Yes there is. In Holland: it’s called “Zeeland”. I understand that New Zealand got its name by Abel Tasman, an early Dutch explorer. Somehow along the way the spelling got changed.


11 posted on 6/17/2007, 2:36:39 AM by DieHard the Hunter
[ Post Reply | Private Reply | To 9 | View Replies]

To: NavVet

> New Zealand? Is that near Melbourne?

It’s in the same vicinity. Melbourne is in Australia, a couple thousand miles away. New Zealand is a couple of large islands next door to Australia, across the Tasman Sea.


12 posted on 6/17/2007, 2:38:49 AM by DieHard the Hunter
[ Post Reply | Private Reply | To 7 | View Replies]

To: Jabba the Nutt

> If you don’t have a domestic aviation industry, it’s extremely difficult to build one from scratch.

New Zealand has a very small but very good civil aviation industry, and a long tradition in flying. After all, Richard Pearse invented and flew the aeroplane before the Wright Brothers did.

> I bet there’s no domestic Kiwi auto company either.

Not for the mass market, no.

> Foreign companies are a better bet to buy your technology and undertake the horrendously expensive development and testing costs.

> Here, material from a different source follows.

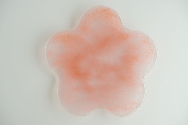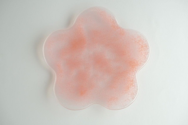 ふんわり立ち上がりのある、つややかな花の形のガラス皿です。 厚すぎず、薄すぎず、普段使いにちょうど良い軽やかさです。(ガラスの厚みは3mm) ガラスの色粉をふりかけて焼き付けることで、色のムラが出て雰囲気のある仕上がりになりました。 表面に0.5mm以下の極細かな黒点が見られます。 また、0.5mm以下の極細かな凹みが見られます。 size/約 H 1.2 W 13 D 13(cm) material/ガラス attention/光の透過等の影響で、作品の色味や色の濃さなど、写真と実物では見え方が若干異なる場合があります。予めご了承ください。 硬いものを載せる場合は、皿の表面に傷がつく可能性があります。ご注意ください。 裏面はなめらかですが、型の跡がついている場合があります。いずれもご使用には問題がなく、技法の特性として捉えております。予め、ご了承ください。 耐熱ガラスではありません。熱いものをのせたり、電子レンジや食洗器の使用は避けてください。 制作について/ 板ガラスにガラスの粉を焼き付けたものを、もう一度別の型に載せてお皿の形に曲げる、キルンワーク技法を用いています。

In NZ we are finding that heavy manufacturing in general tends to go that way. For many decades Fisher & Paykel made our whiteware (washing machines, dryers, fridges &tc) onshore as a Kiwi company. Good hi-quality stuff, marketed overseas by (I believe) Whirlpool. About a month ago they announced that all of this is going offshore, due to the cost of labor. Probably to Asia.


13 posted on 6/17/2007, 2:45:40 AM by DieHard the Hunter
[ Post Reply | Private Reply | To 5 | View Replies]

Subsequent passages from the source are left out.